▸ Excerpted records:
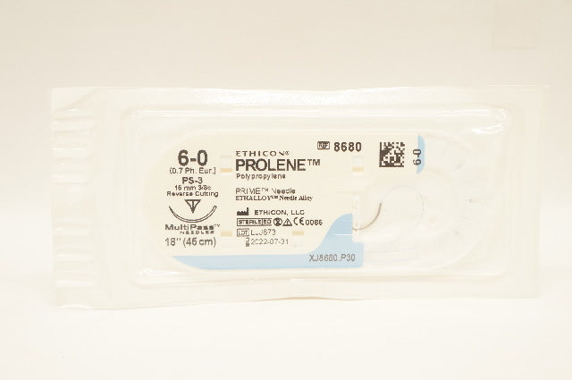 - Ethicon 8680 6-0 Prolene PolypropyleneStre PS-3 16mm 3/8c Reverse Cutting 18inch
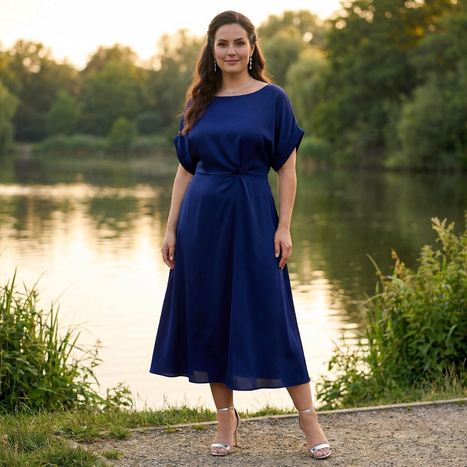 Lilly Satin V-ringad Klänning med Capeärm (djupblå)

==

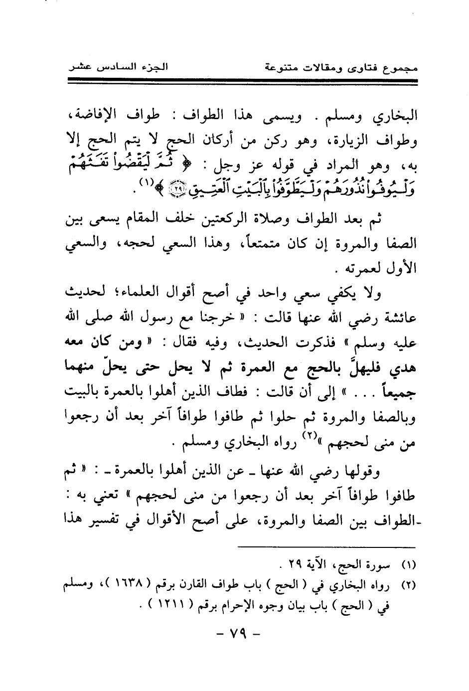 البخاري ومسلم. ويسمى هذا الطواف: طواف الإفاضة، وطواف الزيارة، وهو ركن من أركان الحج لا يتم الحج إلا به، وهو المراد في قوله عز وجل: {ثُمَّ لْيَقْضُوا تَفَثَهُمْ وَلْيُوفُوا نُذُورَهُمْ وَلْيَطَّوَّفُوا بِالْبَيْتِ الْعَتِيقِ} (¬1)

▸ Task requirements: What belongs in the answer is each line above from the line with "- Ethicon 8680" to the line with "Lilly Satin V-ringad", inclusive, reproduced exactly and free of pictures.

▸ Problem solution:
 - Ethicon 8680 6-0 Prolene PolypropyleneStre PS-3 16mm 3/8c Reverse Cutting 18inch
 Lilly Satin V-ringad Klänning med Capeärm (djupblå)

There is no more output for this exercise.